◆ WHAT THE EXERCISE ASKS: Only lines that contain the word "space" are to be returned from the data below.
** Opening LISTED RECORDS block **
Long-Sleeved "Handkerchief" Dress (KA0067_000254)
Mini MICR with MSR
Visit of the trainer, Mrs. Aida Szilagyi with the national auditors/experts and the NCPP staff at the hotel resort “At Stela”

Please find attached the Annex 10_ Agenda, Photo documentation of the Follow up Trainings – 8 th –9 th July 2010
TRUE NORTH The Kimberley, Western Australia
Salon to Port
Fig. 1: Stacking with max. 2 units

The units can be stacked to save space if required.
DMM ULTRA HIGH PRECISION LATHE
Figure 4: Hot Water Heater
** Closing LISTED RECORDS block **
** Opening LISTED RECORDS block **
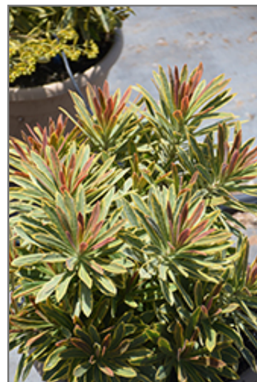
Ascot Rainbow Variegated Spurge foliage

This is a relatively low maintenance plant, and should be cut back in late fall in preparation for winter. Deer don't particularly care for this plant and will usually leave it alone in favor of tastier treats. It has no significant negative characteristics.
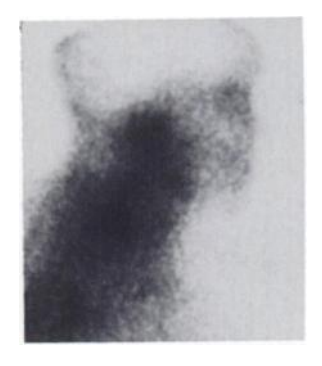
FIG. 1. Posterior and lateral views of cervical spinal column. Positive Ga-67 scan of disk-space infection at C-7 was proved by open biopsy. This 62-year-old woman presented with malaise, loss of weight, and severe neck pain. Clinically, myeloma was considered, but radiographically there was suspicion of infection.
** Closing LISTED RECORDS block **
◆ ANSWER BOX:
The units can be stacked to save space if required.
FIG. 1. Posterior and lateral views of cervical spinal column. Positive Ga-67 scan of disk-space infection at C-7 was proved by open biopsy. This 62-year-old woman presented with malaise, loss of weight, and severe neck pain. Clinically, myeloma was considered, but radiographically there was suspicion of infection.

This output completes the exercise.